-- Records from a dataset --

------------------------

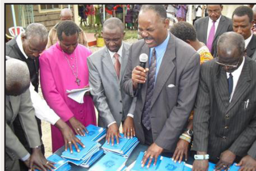
Dedicating the Samburu Gospel of Luke
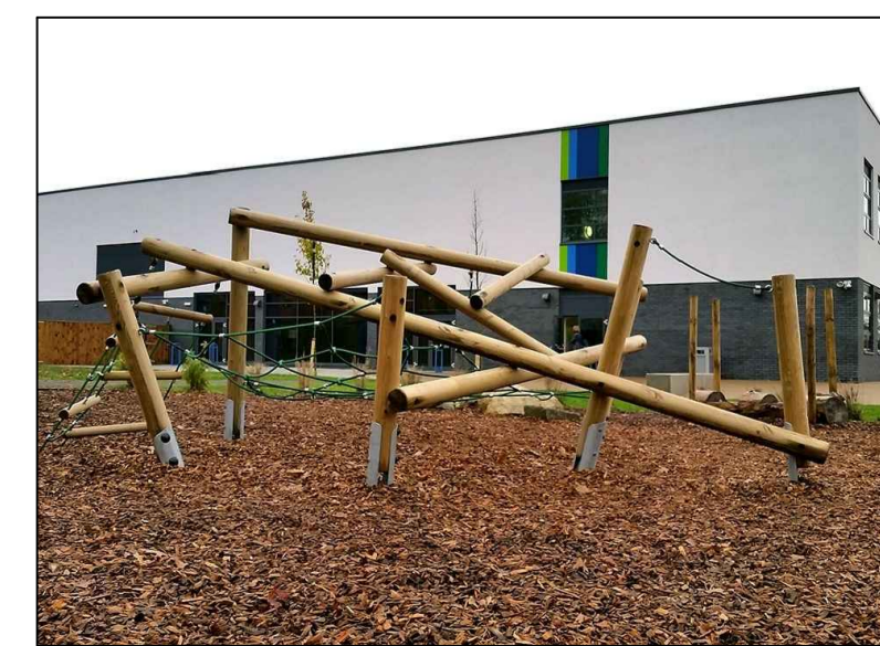
1. Chimpanzee by Playdale

Location Plan Not to Scale LIZ LAKE ASSOCIATES LANDSCAPE ARCHITECTS
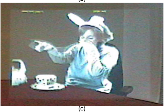
Figure 2. A Mad Tea Party. The user looks across the table at (a) the Mad Hatter to their left, (b) the Dormouse across from them, and (c) the March Hare to their right. The Mad Hatter has just been splashed with tea by the user, causing the March Hare to laugh at the Hatter. The Dormouse is asleep, but will soon wake up from the noise.

right time to experience the narrative, and that they understand how they can interact with the story.
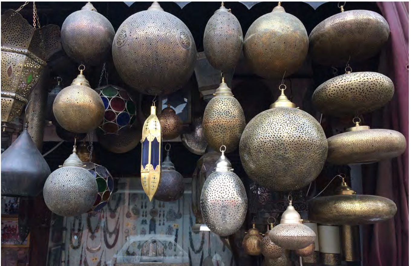
Above: Lanterns on display
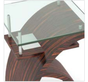
Interlocking Side Table 2
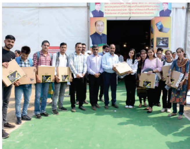
LAPTOPS DISTRIBUTED TO MERITORIOUS STUDENTS BY CHIEF MINISTER, HIMACHAL PRADESH

The college has an illustrious academic record and it has produced a large number of students who have distinguished themselves in the Medical, Engineering, Teaching professions and in the administrative services. This is in addition to those who have joined the Armed Forces, the private sector, and who are successfully self-employed. The students passing out of this institution bear a distinct stamp of discipline and they try to be useful to society as a whole.
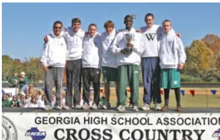
Class AA Boys: Westminster

------------------------

Each line above should be returned exactly as written, apart from any pictures.

-- SOLUTION TO THIS EXERCISE --
Dedicating the Samburu Gospel of Luke
1. Chimpanzee by Playdale

Location Plan Not to Scale LIZ LAKE ASSOCIATES LANDSCAPE ARCHITECTS
Figure 2. A Mad Tea Party. The user looks across the table at (a) the Mad Hatter to their left, (b) the Dormouse across from them, and (c) the March Hare to their right. The Mad Hatter has just been splashed with tea by the user, causing the March Hare to laugh at the Hatter. The Dormouse is asleep, but will soon wake up from the noise.

right time to experience the narrative, and that they understand how they can interact with the story.
Above: Lanterns on display
Interlocking Side Table 2
LAPTOPS DISTRIBUTED TO MERITORIOUS STUDENTS BY CHIEF MINISTER, HIMACHAL PRADESH

The college has an illustrious academic record and it has produced a large number of students who have distinguished themselves in the Medical, Engineering, Teaching professions and in the administrative services. This is in addition to those who have joined the Armed Forces, the private sector, and who are successfully self-employed. The students passing out of this institution bear a distinct stamp of discipline and they try to be useful to society as a whole.
Class AA Boys: Westminster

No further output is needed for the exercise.